そういう事を感じさせてくれる作品でした。
ーーー

 まさしくハーメルはその通りだな……って感じですよね。いわば素人的な感性とさえも言えてしまうかのような漫画に対するあまりにも一途な姿勢。
 その一途な姿勢を変化させ、描きたい漫画を描くのではなく、上手い漫画を描くようにならなくては漫画家として致命傷だと思うのですが、しかしハーメルの精神性(文学性)における名作としての価値は、いわば現代のオタク的感性に毒された人間には決して描けないという意味でかなり重要ですよね。そしてその精神性というものが手塚治作品のように一般的文学に密接に結びついているのではなく、まさしく作者という一人間の内面にのみ深く結びついているというところに重要な価値と示唆と発見があり、また作者の作品がハーメル以外全く売れないという理由がある。

 ほんとうに渡辺道明はハーメル以外描くものがないんだろうな……、とこの総括のコメントを見て思い、なるほどそれはそれで本気で頑張ったのだからいいのかもしれない、と思ったというわけでした。
5月17日

 今日の礼拝で、結構重要なところのお祈り(日本の救い、世界宣教のための祈り)をはじめて牧師さんに指名されたのですが、後で老齢のクリスチャンの方が柔和の微笑を浮かべながら「あなたのお祈り、とっても良かったよ。しっかり勉強してるんだねえ」と褒めてくれましたので、これがまた恐縮するばかりでございます、とお殿様に土下座してひれ伏すという感じでひれ伏してしまいました。

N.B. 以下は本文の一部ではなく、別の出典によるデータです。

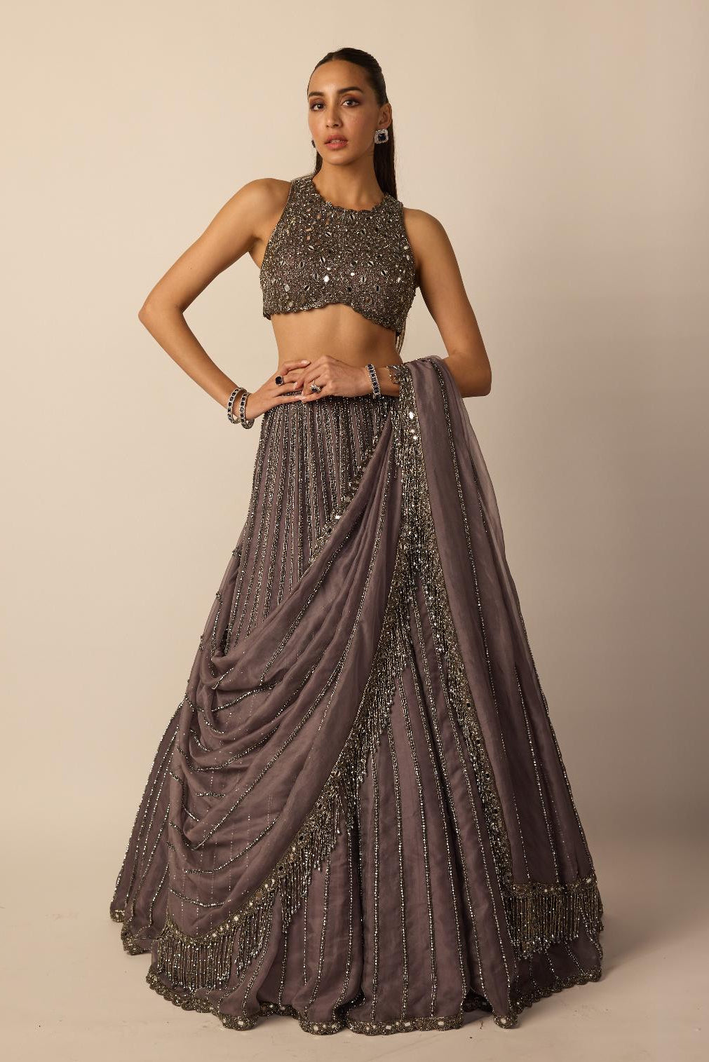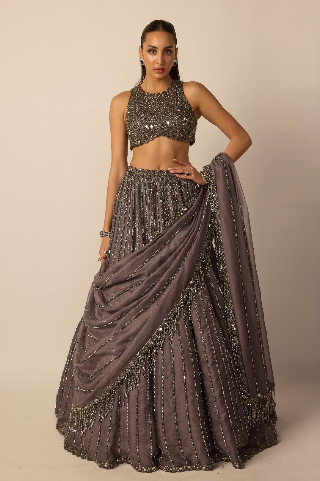 The Metallic Gray Linear lehenga set is curated for modern wedding receptions and statement celebrations. Linear detailing adds definition, while the metallic palette creates a bold visual presence. Ideal for contemporary brides and festive evenings.
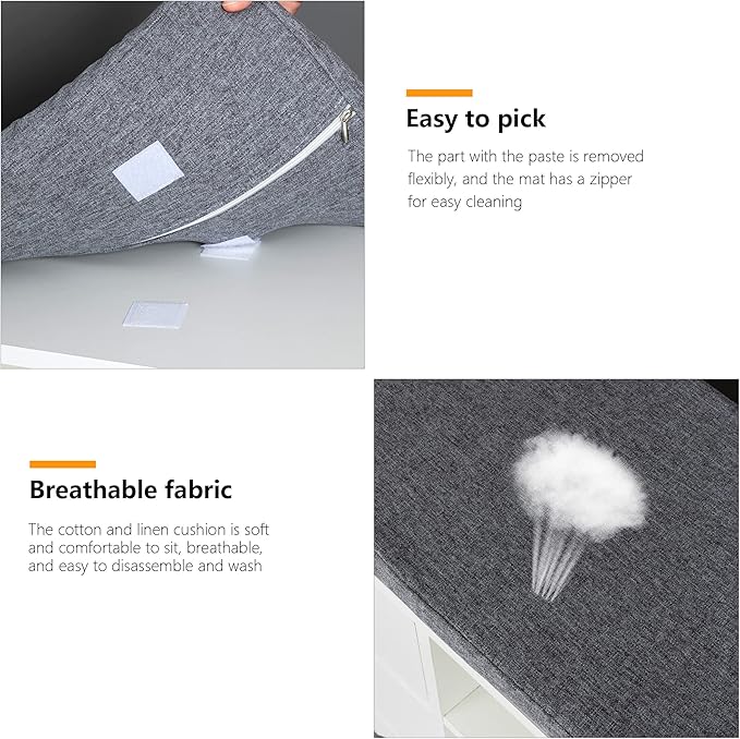 - 【Portable Storage Tool】 A thick seat cushion comes with the shoe bench. This shoe storage bench not only keeps the hallway tidy, but also allows you to sit and change your shoes. The cushion cover is removable and easy to clean.
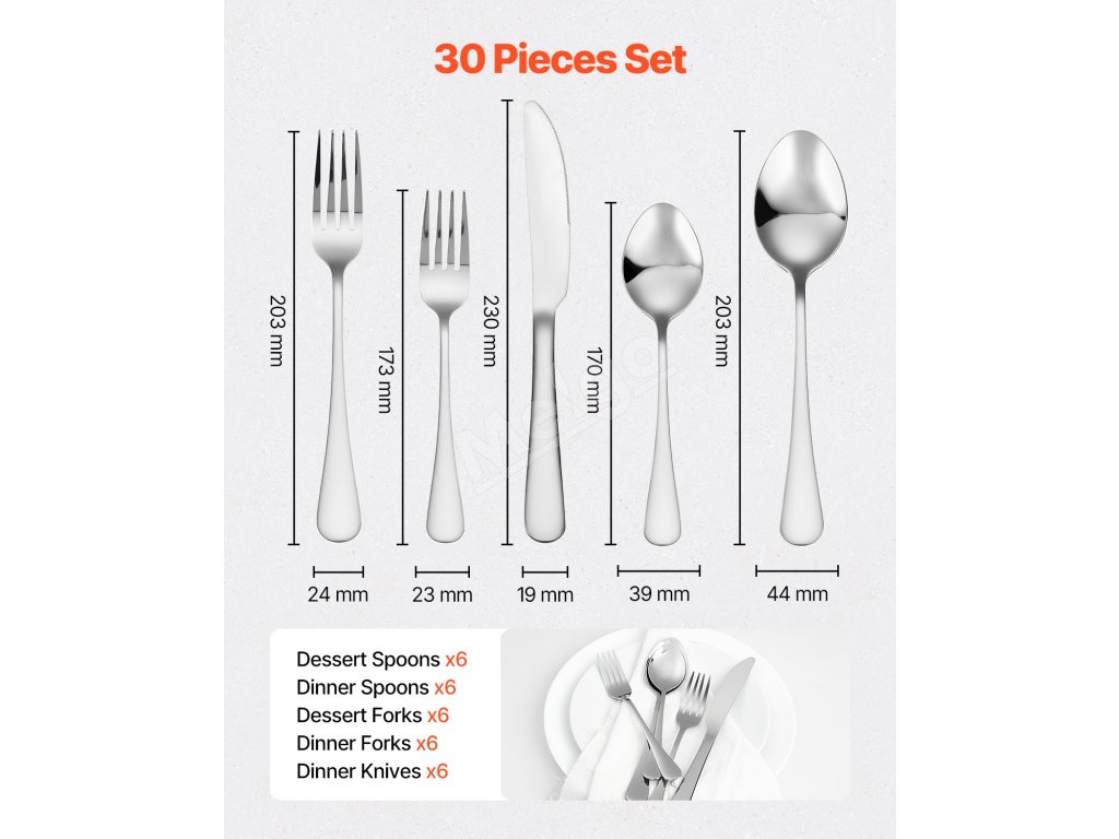 Súprava príborov 30 ks nerez, lesklá, do umývačky pre 6 osôb

 まさに塾の行き帰り、自転車に乗りながら颯爽と主の祈りと使徒信条と個人的祈りを無限ループで呟いていたお陰だなって思うのですが、しかしやはり自分の一番の関心が全世界におけるノンクリスチャンの救済(≒全人間の救済)なので比較的本心から祈りやすい、というところもありました。

 あるいは峰FくんやO山さんやらといつもキリスト教のお話をさせていただいているお陰でもあります。彼らノンクリスチャンはイエス・キリストの存在こそ知っておりますが思いは知らず、そして思いを知られてもイエスの愛を信じる意義を見出せない……。われわれクリスチャンは主イエスの存在ではなく思いと愛を知らせ、そして彼らの良心の葛藤や、罪を行ってしまったことの罪悪感からの解放を――そして存在としてのまったき救済を願うのみなのでございます。



 で、お祈りを継続してなんとなく分かってきたのですが、お祈りというものは無為に呟いても全く意味がなく、まさしく主が眼前に佇んでいると想定しながら主に対して言葉を投げかけることが重要なんですね。
 主よ! と決して応答しない主に向かって、しかし主よ! と呼びかけることに意味があり、その訴えに具体性が加味される。つまるところ現実感をもちつつ、身体性を維持しつつ、ある種の観念的真理に肉薄することができる……。

 呼びかけを意識しないと、自然と声が小さくなって内面にこもってしまい、それはえてして他者に理解されない独善的祈りに陥ってしまいます。お祈りというのは、ある意味神さまと、そしてその場に同席している人間たちに聞かせるための言葉でもあるのです。
 祈りは一人で祈るものではなく、すべての存在とともに祈るものであり――この世の全存在が神に向かって叫ぶ賛美であり――それを代表してわれわれ個人が祈るのであり――そのためにも神を崇める存在としての一体感を重要視すべきだ。というようなことを思った次第でございます。



 相変わらず社会から隔絶している日記で、何をして生きているのか自分でも謎になってくるのですが、今日はそんなことを思ったというわけでした。

 あとノンクリスチャンの学生が部活があるにも関わらず礼拝を休まず、7時半から早朝礼拝をしたことに対して尊敬の念を禁じえなかった……というところです。学生のうちからそこまでの信仰をもつことのできる一般人は、やはり文学好きなだけあって神秘的な精神世界を好むんだろうな、という感じでございます!